Mr. Vitavin states that ‘one of the things I have learned since joining the Beacon VC is that the market is much bigger than you think’. He believes that due to the size of the market, there will not be one winner who takes the majority market share emerging out from all the tech giants, emerging startups, corporations, traditional banks, and insurers that are in the space and therefore, the market will remain a fragmented one for the foreseeable future.

A fragmented market means that there is room for all the aforementioned players to have a role in the market. In Mr. Vitavin’s eyes, the way to win in this large market is not to gain market share; “the key is to know your space, understand yourself, respect others, and foster a more sustainable working relationship with other players in the market” he says. 

Additionally, Mr. Vitavin adds that “I strongly believe that partnership will be the key in the Financial Services space...Banks are being trusted (in Thailand) and also have excellent penetration. Therefore they can be a good platform and partner to help startups roll out new products and features. This is probably why in Thailand, if you look at FinTech, we don’t really have bank killers like in some (other) countries, mostly they will become the bank’s partners”.

Mr. Ganesh’s views on Co-Optition are similar to that of Mr.Vitavin’s.
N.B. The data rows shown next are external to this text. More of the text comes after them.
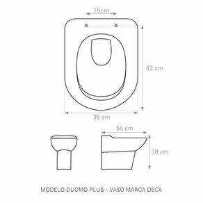 Assento Sanitário tampa de vaso fabricado em madeira MDF com pintura laqueada, com proteção raios UV, que garante excelente acabamento e durabilidade. Compatível com vasos bacias/louças sanitários com ou sem caixa acoplada. Tem calços de PVC instalados na tampa e no assento para proporcionar estabilidade ao uso, pois distribui o peso uniformemente sobre a louça sanitária. Montagem simples e fácil. Possui ferragem em alumínio anodizado que não enferruja/oxida e oferece muita resistência. O assento é acompanhado por parafusos para instalação. Embalagem dupla reforçada garante o recebimento do produto totalmente protegido. Especificações: - Dimensões da caixa: largura: 49,50cm. Altura: 4,00cm comprimento: 39,50cm - Peso do produto: 1,98kg - Acabamento: brilhante - Uso: este assento é adequado para uso na louça Deca modelo Duomo Plus - Garantia: 3 meses - Itens inclusos: Tampa e assento em MDF com calços de PVC, ferragem inoxidável, embalagem duplamente reforçada. Contém todos os parafusos e encaixes para instalação, sendo necessária somente uma chave de fenda para instalar o produto na louça sanitária. Instalação: posicione o produto, devidamente centralizado, em cima do vaso sanitário. Sem desmontar a ferragem, insira as buchas de borracha dentro dos furos da bacia sanitária. Encaixe os parafusos e posicione as porcas. Utilizando uma chave de fenda, aperte o parafuso no sentido horário até que o assento esteja firme e fixo no vaso. Manutenção: recomendamos a limpeza periódica com pano levemente umedecido com sabão neutro. Não usar esponjas abrasivas ou palha de aço nem qualquer tipo de produto químico.
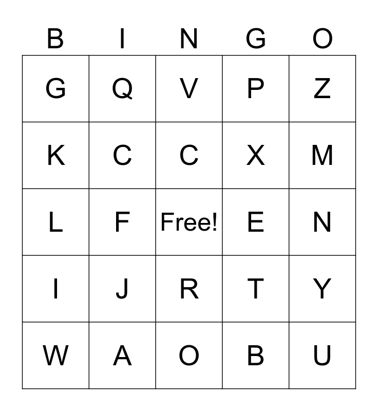 This bingo card has a free space and 24 words: J, A, C, W, Z, G, K, Q, E, R, X, L, T, Y, C, B, N, V, M, F, U, I, P and O.
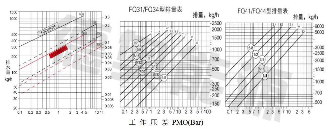 8、選型時(shí)請(qǐng)?zhí)峁┕ぷ鲏毫?、工作壓差、凝結(jié)水量、工作溫度、連接方式及標(biāo)準(zhǔn);根據(jù)用汽設(shè)備正常工作時(shí)可能產(chǎn)生的凝結(jié)水量,乘以修正系數(shù)(一般2-3)得出排水量,然后對(duì)照排水量和壓差進(jìn)行選擇。
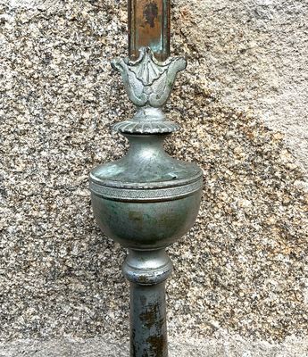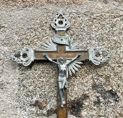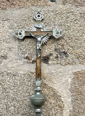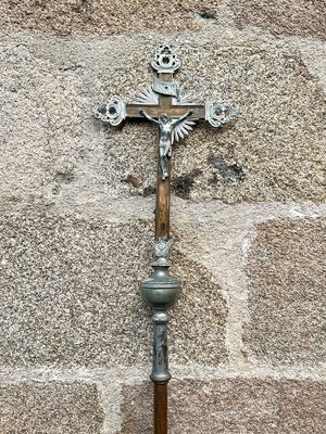 Cette croix de procession est réalisée en métal. Elle se compose d’une croix latine fixée sur une hampe en métal. La croix proprement dite présente des bras droits, ornés à leurs extrémités de motifs ajourés et symétriques, formant des rinceaux et des volutes décoratives, dans un style d’inspiration XIXᵉ siècle. Au centre du croisillon se trouve un Christ crucifié, exécuté en ronde-bosse. Le Christ est représenté les bras étendus, la tête légèrement inclinée, vêtu d’un périzonium sobre. Derrière le corps, des rayons disposés en éventail soulignent la figure et accentuent la dimension symbolique de la représentation. Au sommet de la croix prend place un cartouche portant l’inscription « INRI », surmonté d’un élément décoratif ajouré de forme couronnée. La partie inférieure de la croix est reliée à une douille décorative ornée de motifs végétaux stylisés. Celle-ci est prolongée par un nœud de procession particulièrement soigné : de forme ovoïde, il est ceinturé d’une frise décorative répétitive et repose sur un col évasé. Ce nœud, à la fois fonctionnel et symbolique, constitue un élément essentiel de la préhension lors des processions.
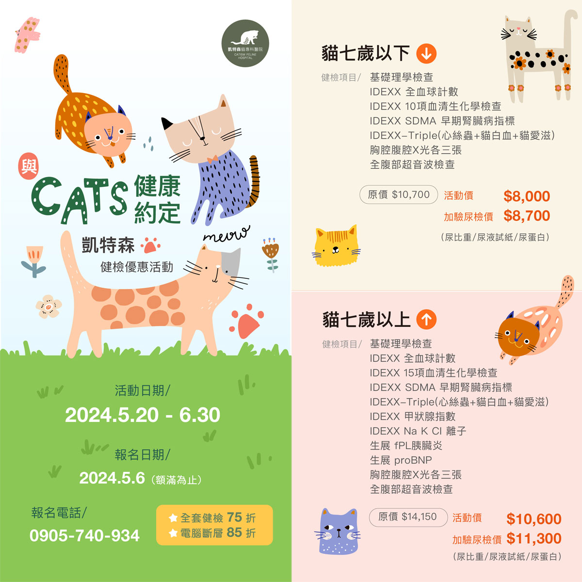 『與CATS健康約定』,凱特森夏日活動健檢開始囉,讓貓主子透過醫生的檢查來了解身體的狀況,維持健康,享受曬太陽、睡覺、玩耍的貓貓日子!
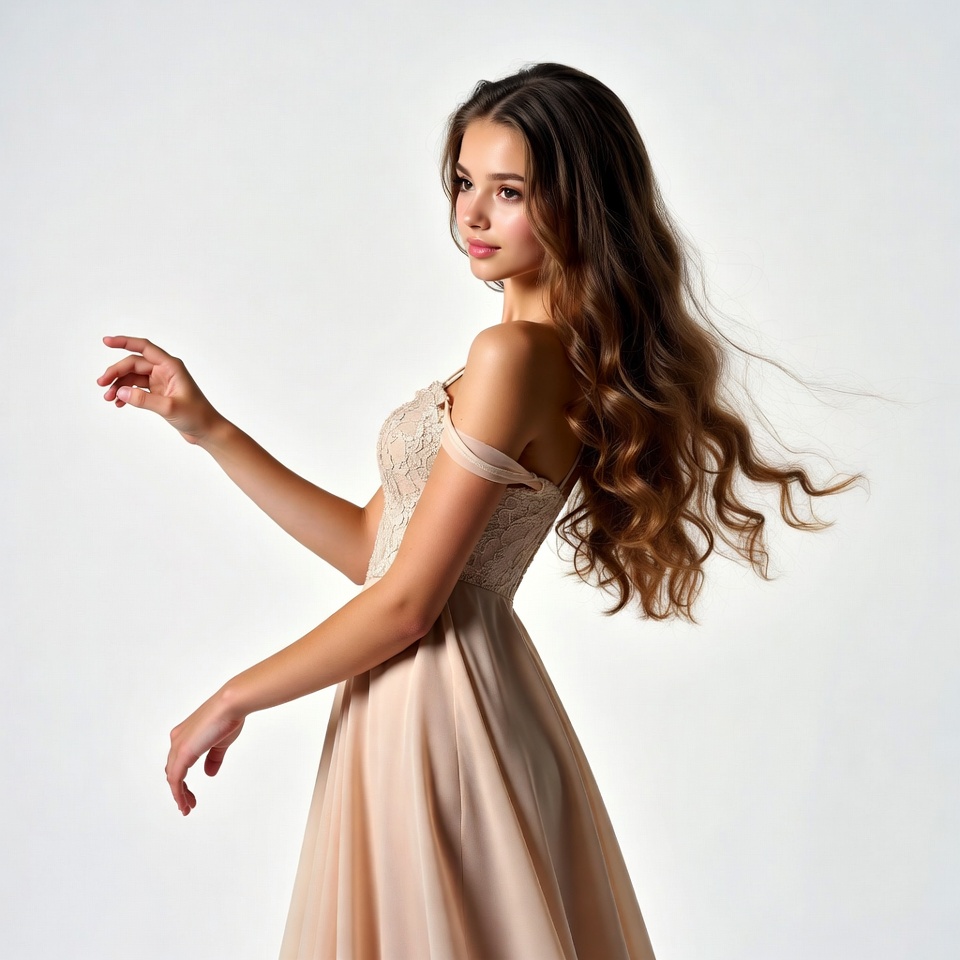 beauty, day, dress, elegance, fashion, female, figure, hairstyle, leisure, light, long hair, model, movement, portrait, pose, skin, soft, studio, style, sunlight
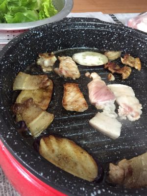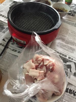 五花肉加酱放冰箱放置一小时后,放入烧烤盘。(没有烤肉酱也可用蒜泥加辣椒加盐味精油调味,这次是想换下口味)
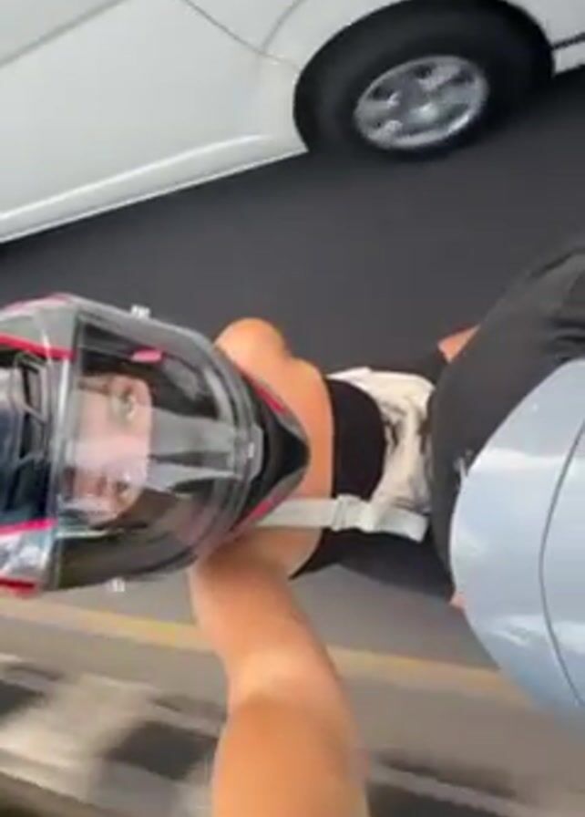 A person wearing a black helmet with red, white, and blue stripes is being recorded in first person on what appears to be a moving motorcycle, as cars and roadside foliage pass by. The person recording has their left arm extended out and is holding onto the helmet of the person in front of them. The person in front of them is also wearing a helmet and is seated on the motorcycle, in front of the person recording. The camera is angled slightly downward, showing the road and the surrounding environment. The recording is somewhat unstable, likely due to the movement of the motorcycle.

He states that: “we believe fundamentally in the collaboration between FinTechs and large institutions, whether is large digital platforms, large financial institutions, large banks, or large brick and mortar conglomerates”. 

Mr. Ganesh goes on to say that “if you look across our portfolio companies, most of them actually co-op very, very strongly with banks, financial institutions, and with independent large digital platforms”. Mr.Ganesh believes that by cooperating with established institutions, the mutual benefit can be created for both the FinTech and the institution for example; fintech may provide new solutions or take successful products to a new customer base.